Beside their potential to differentiate into osteoblasts in the process of osteogenesis, there have been several other regenerative roles attributed to MSC. These cells can serve as pericytes wrapping around blood vessels to support their structure and stability. MSC have also shown the potential to integrate into the outer wall of the microvessels and arteries in many organs, such as spleen, liver, kidney, lung, pancreas, and brain. This led to the speculation that both bone marrow- and vascular wall-derived MSC as well as white adipose tissue-, umbilical cord blood-, and amniotic membrane-derived MSC could act as a cell source for regenerative therapy to treat various disorders such as osteoporosis, arthritis, and vessel regeneration after injury.
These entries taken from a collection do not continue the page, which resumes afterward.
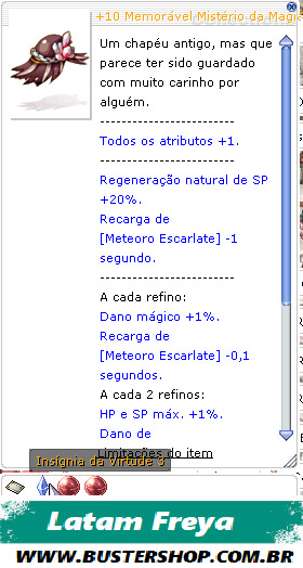 A cada refino: Dano mágico +1%. Recarga de [Meteoro Escarlate] -0,1 segundos. A cada 2 refinos: HP e SP máx. +1%. Dano de [Impacto Espiritual] +15%. -------------------------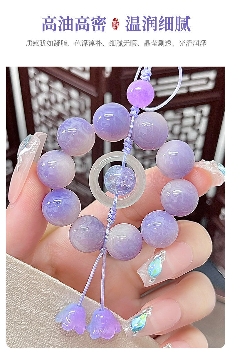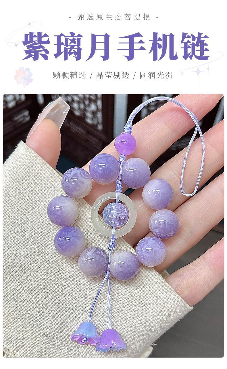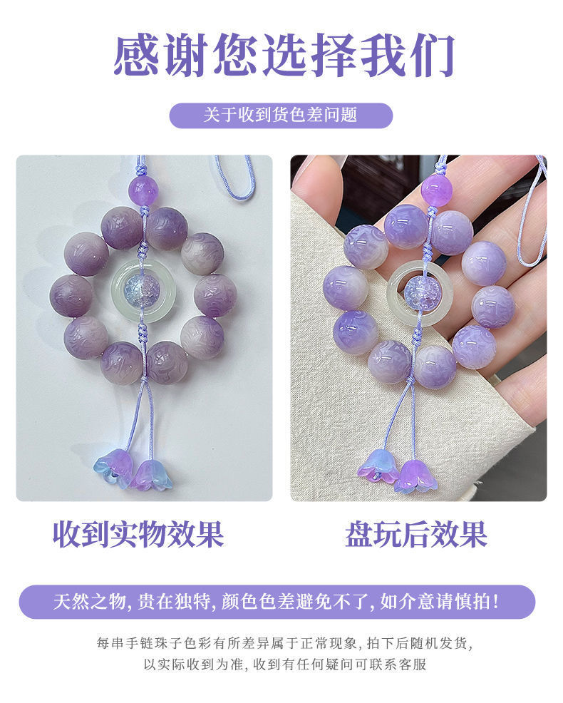 抖音爆款紫飘花菩提手机链女雕刻六字箴言手捻U盘钥匙扣挂件批发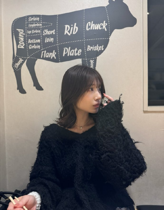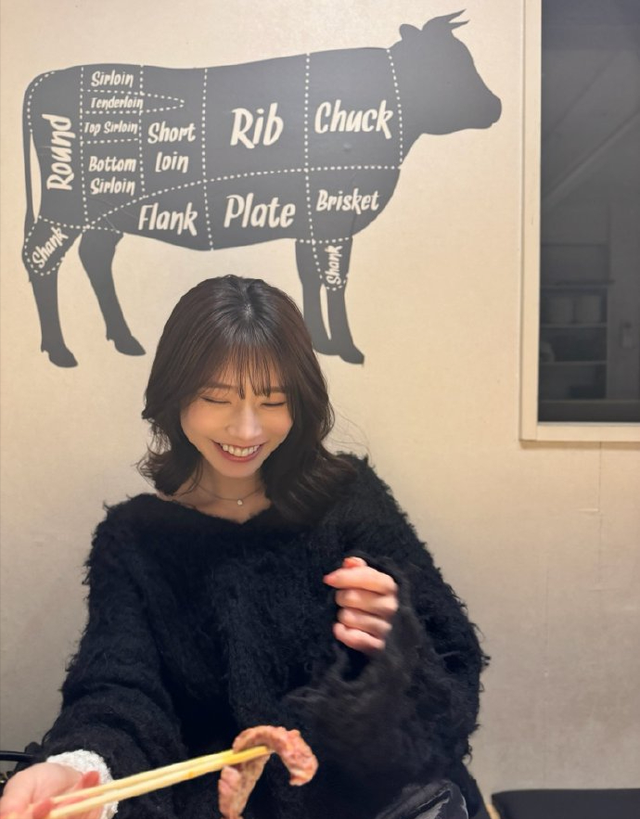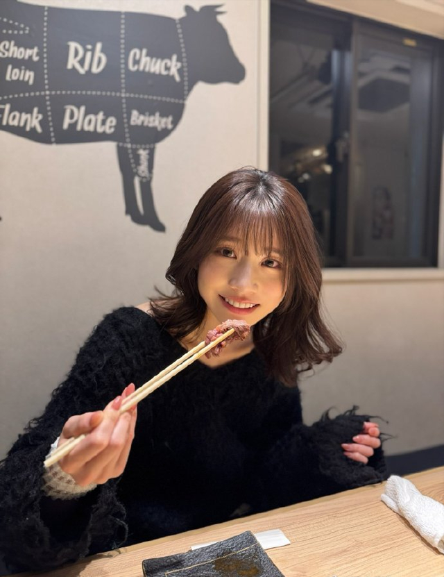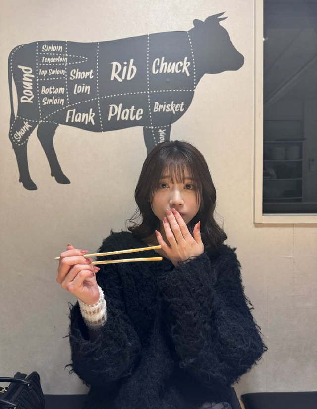 河北彩伽工作之余,身穿宽松黑色毛衣在烤肉店好評なので…

MSC may also be induced to differentiate into functional neurons, corneal epithelial cells, and cardiomyocytes under specific pretreatments ex vivo and in vivo that broaden the capacity of these cells in regenerative therapeutic interventions. In a previous study, umbilical cord matrix stem cells derived from human umbilical cord Wharton’s Jelly were aimed to treat neurodegenerative disorders such as Parkinson’s disease by transplantation into the brain of a rat model. The transplantation resulted in a significant reduction of symptoms for Parkinson’s disease, thus suggesting an additional therapeutic role for umbilical cord matrix stem cells (MSC) in treating central nervous disorders. Further, MSCs exibit potent immunomodulatory and anti-inflammatory properties through cellular crosstalk and production of bioactive molecules.
These findings were enough evidence for scientists to speculate a promising role for MSC in regenerative therapy. In the past years, MSC have been used in clinical trials aiming for regeneration of tissues such as bone and cartilage as well as treatment of disorders such as spinal cord injury, multiple sclerosis (MS), Crohn’s disease, and graft-versus-host disease (GvHD) due to their broad differentiation capacity and potential of hematopoietic cell recruitment. Several clinical trials are running to identify different aspects of MSC application in terms of safety and efficacy, and at the time of writing, a total number of 657 past clinical studies were found that involve mesenchymal stem cells for different clinical phases.